= West End Slowdown =

The West End Slowdown was an annual charity Australian rules football match run by the Little Heroes Foundation, formerly named the McGuinness–McDermott Foundation, to raise funds to improve oncology treatment for South Australian children.

The match is held at the end of the regular AFL season, with teams drawn mostly from retired AFL and SANFL players, augmented with a sprinkling of celebrities who over the years have included former World number 1 tennis player Lleyton Hewitt, singer Guy Sebastian and Australian media personality and actor Andrew Daddo. The ex-players competing are mostly those who represented either the Adelaide Crows or the Port Adelaide Power during their AFL career, even if they only played a minimal number of games for the club.

Port Adelaide can call on ex-Port Adelaide Magpies players while the Crows can usually call on any player who has ever been on their playing list, including ex-Port Magpies players who played at the Crows. Players who played for both the Magpies and the Crows have the option of choosing who they play for, e.g. Greg Anderson who started his senior career with the Magpies in the SANFL in 1983, played 121 games for the club and won the Magarey Medal in 1986 and Magpies premierships in 1995 and '96, plays for the "Crows" in the Slowdown. David Brown who also started with the Magpies, was an inaugural Crows member and played 69 games for the club and played also for the Power in the AFL represents the "Power" in Slowdowns.

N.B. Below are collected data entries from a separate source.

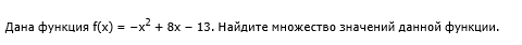 Дана функция f(x) = −x2 + 8x − 13. Найдите множество значений данной функции.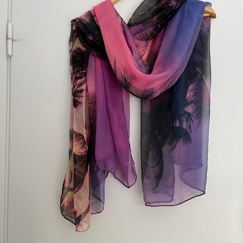 Jättesnygg svart trekantig sjal med mönster av körsbär och röda pom-poms längs kanterna. I toppskick. Rockabilly. 50-tal. 150 cm bred och 75 cm lång på längsta stället.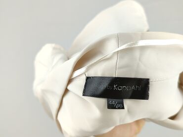 Bluzka damska KappAhl - Marka: Design by KappAhl - Rozmiar z metki: 44/46 - Kolor: czarny - Krój: luźny, wydłużony tył, zapinana z przodu na guziki - Rękaw: bardzo krótki/koszulkowy z marszczeniem...

Regular players/coaches in the Slowdown over the years have been the likes of inaugural Crows and Power coaches Graham Cornes and John Cahill, 1997 Coleman Medallist Tony Modra, Magarey Medallists Tony McGuinness (co-founder of the MM-Foundation), Greg Anderson, Andrew Jarman, Scott Hodges and Grantley Fielke, Brownlow Medallists Gavin Wanganeen and Mark Ricciuto as well as various Crows and Port premiership players as well as co-founder of the McGuinness–McDermott Foundation and inaugural Adelaide Crows club captain Chris McDermott.

In both 2004 and 2011 a State of Origin Slowdown was held at the Adelaide Oval between South Australia and Victoria. Former 1990 Collingwood premiership player Doug Barwick had the chance after the final siren to win the game for Victoria in 2004 but his 52m kick was deemed to be only a point, giving SA the win by just 4 points.

In 2011 the game supported the Little Heroes Foundation and the Reach Foundation, a youth charity started by 1991 Brownlow Medallist Jim Stynes. The game, played in a great spirit, saw many lead changes with the Victoria holding a 20-point lead in the third quarter. South Australia mounted a comeback and with only 20 seconds left in the game, former North Adelaide, Hawthorn and Adelaide Crows premiership player Darren Jarman kicked a goal to give the Croweaters the victory by a single point. Despite playing on the losing side, Brendan Fevola, the only player still actively playing football, won the West End Slowdown Medal as best on ground.

The games have been generally well supported, with crowds of around 10–15,000 attending most games. Some games such as Slowdown VI in 2005, saw a crowd of around 25,000, with the entry fee being only a gold coin donation (A$1 or $2) with all gate takings going to the Little Heroes Foundation. The 2011 State of Origin Slowdown had an entry fee of $5 and saw a crowd of around 12,000.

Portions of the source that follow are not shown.